寛文如来堂(本堂)の傷(いた)みがすすんだ元禄年間(一六八八~一七〇四)、善光寺は本格的な本堂再建を計画した。造営事業の進行は、善光寺の自力による造営計画がすすめられた前期と、元禄十三年(一七〇〇)の火災でその苦労が水泡に帰したあと、幕府が介入し松代藩が監督して宝永四年(一七〇七)に完成するまでの後期とに大別される。
まず、造営のための資金集めが不可欠であった。善光寺は元禄五年(一六九二)、三都(江戸・京都・大坂)の出開帳(でがいちょう)を寺社奉行所に願いだして許可を得、さっそく江戸の回向院(えこういん)で六〇日間出開帳をおこなった。同七年、京都・大坂でも出開帳をおこない、奉加金約二万八〇〇〇両を得た。これにより木材を確保し本堂工事を進展させたが、元禄十三年七月、大門町の下堀小路で出火し町家一八〇軒を焼いた大火の類焼で、集積してあった用材の大部分が焼失し、本堂も焼け落ちた。責めを負って大勧進(だいかんじん)住職見海法印(けんかいほういん)は辞職した。
同年十二月、幕府のてこ入れにより、日光門主(寛永寺住職)によって江戸駒込(こまごめ)大保福寺・谷中(やなか)感応寺住職の慶運(けいうん)が善光寺大勧進住職に補(ほ)され、戒善院(かいぜんいん)の号を賜わった。慶運はこれまでの奉加金の使途をきびしく追及して不正分を弁償させるいっぽう、寺社奉行所の許可をとり翌十四年三月十日から六〇日間、谷中感応寺で出開帳をおこなった。しかし、前回の出開帳から間もないこともあって予想外の不振に終わったため、願いでて日本国回国(かいこく)出開帳の許可を得、同年九月から足かけ六年間をついやして本州・九州・四国をまわった。回国奉加金は旅先から数千両ずつ松代藩に預けられ、二万三〇〇〇両余にのぼった(一〇章一節参照)。

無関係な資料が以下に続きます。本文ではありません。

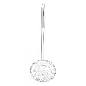 Este filtro grande mantém suas mãos a uma distância segura do óleo quente quando é hora de tirar frango frito, almôndegas e até picles.
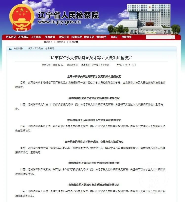 2020年4月24日,辽宁检察机关公布对中石油辽河油田系统6人的逮捕决定。/辽宁省检察院
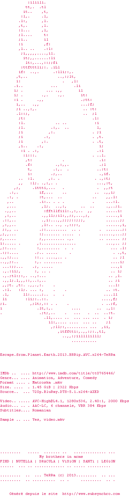 Le commentaire de Yaumegui Commente par Yaumegui (554), Le Samedi 05 Juillet 2014 à 23h39 Rien de transcendant, cet animé est un mixte de grosses productions. Mais ce n'est pas non plus honteux, un peu trop long et on aurait aimé que le rôle de la maman soit un peu plus étoffé. Les enfants semblent avoir apprécié. 6 / 10 0 1
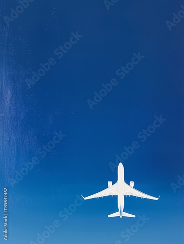 A sleek airplane glides effortlessly through a clear blue sky, its white fuselage contrasting beautifully with the endless cerulean backdrop.
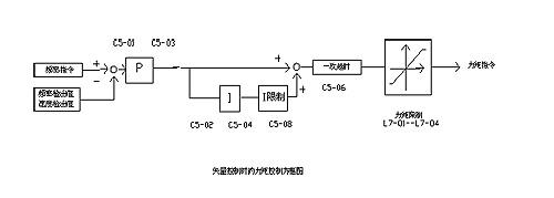 a、力矩限制功能:在PG矢量控制方式下,力矩限制功能的典型应用是开环力矩限制收(放)卷功能。力矩指令可以由多功能模拟量输入端子、ModBus通信卡修改L7组相应参数或通过操作键盘修改L7组相关参数等输入信号任意设定。当不想在负载上施加一定量以上的力矩及不想发生一定量以上的再生能量时,可以使用力矩限制功能。力矩限制的精度:在输出频率10Hz以上时,为±5%,10Hz以下时精度较低。电机输出力矩达到力矩限制值时,力矩控制优先,电机的转速控制和补偿都无效。应该注意的是会出现加减速时间增加及转速降低的情况,而转速降低正是收卷时所需要的特性。矢量控制时的速度(ASR)是把速度指令和速度检出值(PG的反馈或者速度运算值的偏差)调为零,来控制力矩指令。
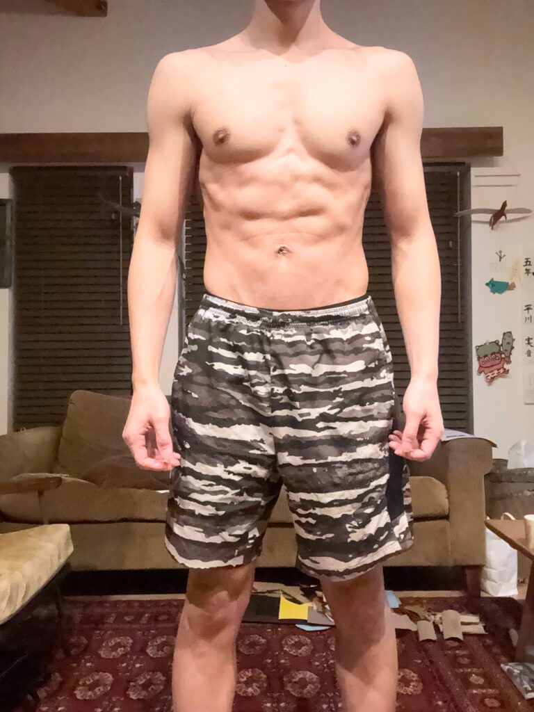 「まだまだ絞れていない」印象になりますが見た目は結構絞れていると思います。
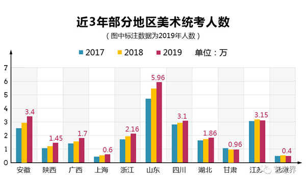 从历q的l计来看Q?a style="color:#00F;">术?/a>人数一直都占绝对主,普遍过半数Q有的地区甚臌q?0%。也是_全国全年100万左右的报考hCQ有六七十万人是术生。部分地区各艺术专业报考h数占比如下:
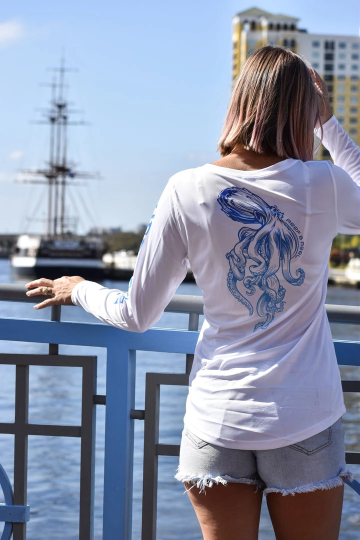 When you go diving to the depths, you may be lucky enough to spot a beautiful Octopus. Reef & Reel brings the awesomeness of this creature to life with our Dive Deep line of apparel. Both on the sea or in the sand Reef & Reel will keep you safe and dry.

新本堂の建設地としては、中世以来の本堂が門前町に近すぎて幾度も類焼の難にあってきたことから、町家(まちや)から離して北へ移すこととした。寛文本堂から約一〇〇メートルほど北に、一〇〇間四方(一万坪、約三万三〇〇〇平万メートル)の敷地を確保した。このため、旧本堂の北方にあった北之門町の二十数軒の住民を城山下の新町(しんまち)に移転させ、耕地を買いとった。これまで新町地域に住んでいた人びとは横山下へ移された。北之門町には人家のほか畑と丘があり湯福川(ゆぶくがわ)が流れていた。削平(さくへい)整地して新境内をつくり、その東・北・西に土塁(どるい)をめぐらせ、土塁の外がわに今みるような直角に折れ曲がる湯福川の人工流路をつくった。